A Deep Learning Framework with Explainability for the Prediction of Lateral Locoregional Recurrences in Rectal Cancer Patients with Suspicious Lateral Lymph Nodes

Diagnostics 2023, 13(19), 3099; https://doi.org/10.3390/diagnostics13193099
by Tania C. Sluckin 1,2,3, Marije Hekhuis 1, Sabrine Q. Kol 4, Joost Nederend 5, Karin Horsthuis 3,4, Regina G. H. Beets-Tan 6,7,8, Geerard L. Beets 6,9, Jacobus W. A. Burger 10, Jurriaan B. Tuynman 1,2,3, Harm J. T. Rutten 10, Miranda Kusters 1,2,3 and Sean Benson 7,11,*
Reviewer 1:
Reviewer 2: Anonymous
Reviewer 3: Anonymous
Diagnostics 2023, 13(19), 3099; https://doi.org/10.3390/diagnostics13193099
Submission received: 31 July 2023 / Revised: 1 September 2023 / Accepted: 16 September 2023 / Published: 29 September 2023
(This article belongs to the Special Issue Artificial Intelligence in Colorectal Disease)

Round 1

Reviewer 1 Report

This manuscript classifies the cropped LLN of MRI images according to diagnostic categories of medical records using CNN.
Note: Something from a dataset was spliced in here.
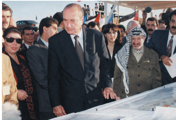
PLO Chairman Yasser Arafat pictured meeting with French President Jacques Chirac in 1996.

I was reminded of similar events in WWII. From the 1920s, Amin al-Husseini, Grand Mufti of Jerusalem, was so highly

1. What are the categories for LLN progressions available on the medical records?

2. Using this CNN classification framework, the obtained sensitivity and specificity are 85,7% and 67,6%, respectively. In my opinion, this framework should achieve a higher value for these metrics.

3. The explanation of Figure 3 seems missing in the paragraph. 

-

Author Response

1. What are the categories for LLN progressions available on the medical records? -> There are no categories for progression; from the medical records initial and restaging sizes were recorded as well location. These sizes were used when entering clinical data and compared to the volumes calculated by the segmentations. 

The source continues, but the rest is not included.